As with the first panel, there was a lively question and answer session which continued into the afternoon break for tea and cake. After this came the final panel of the day on ‘Parliament Beyond England’. The three panellists each offered papers on how those outside England understood the Westminster Parliament and interacted with it. Dr Karie Schultz (University of St Andrews) showed how Scottish understandings of Parliament were sui generis and differed from their English neighbours. These differences ensured that Anglo-Scottish interactions were often fraught and much was lost in translation. A similarly tense dynamic between different countries was delineated by Dr Lloyd Bowen (Cardiff University). Dr Bowen used his paper to consider the parliamentary reconquest of north Wales and showed that the various campaigns were influenced by Walian concerns, but were also closely linked to ongoing factional politics at Westminster. Dr Patrick Little (History of Parliament) demonstrated the existence of a similar interplay between local and national politics when discussing the Irish Protestant Agents sent across the Irish sea in 1644. These commissioners endured a generally fruitless sojourn in England. Going first to the king at Oxford they were largely treated as unwanted guests by a camp hoping to utilise Irish Catholic forces in England. Moving onto Westminster they found a more sympathetic audience but one riven by factional bickering which stalled their business.

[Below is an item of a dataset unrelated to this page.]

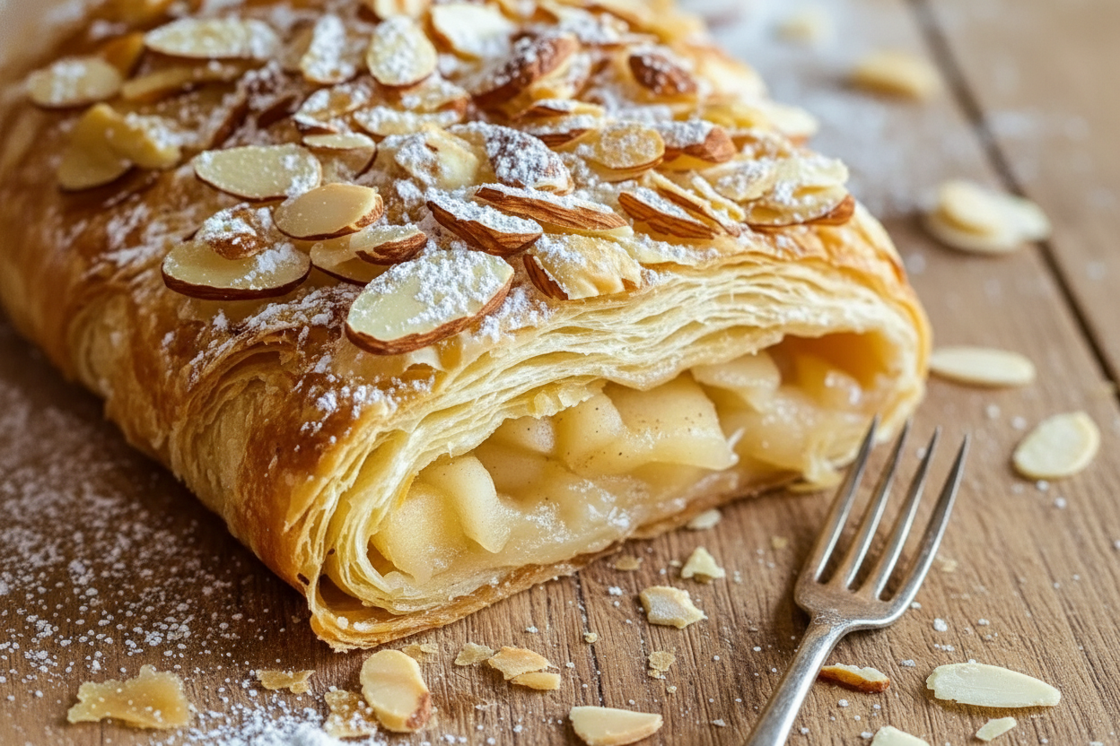 Thaw one sheet of store-bought puff pastry. Mix the almond filling. Spread it down the middle of the pastry sheet. Cut slits on both sides of the filling. Then, fold the strips over the filling in a braid. Brush with egg, add almond slices, and bake. It is much simpler than it looks. The puff pastry does all the flaky work for you.

Formal proceedings ended in the early evening. Taken together, the various papers offered a rich contribution to understandings of the seventeenth-century Parliament and the great changes and unexpected continuities which were evident at Westminster during the British Civil Wars. As the lively discussions during the day evidenced, there is still plenty to discover and debate about Parliament and the crisis of those critical decades.

AB

The colloquium on ‘Parliament and Revolutionary Britain’ was held on 27 April 2024 at the History of Parliament’s office in Bloomsbury Square. The History would like to thank Dr Alexandra Gajda (University of Oxford), Dr Andrew Barclay (History of Parliament), and Professor Laura Stewart (University of York) for chairing panels on the day and the invited audience for their contributions.

One thought on “Crisis? What Crisis? Parliament and Revolutionary Britain

  1. Is it possible to obtain copies of these papers? As an American, I could not attend the conference. But I love the Stuart century and would be deeply appreciative of this accommodation. Please.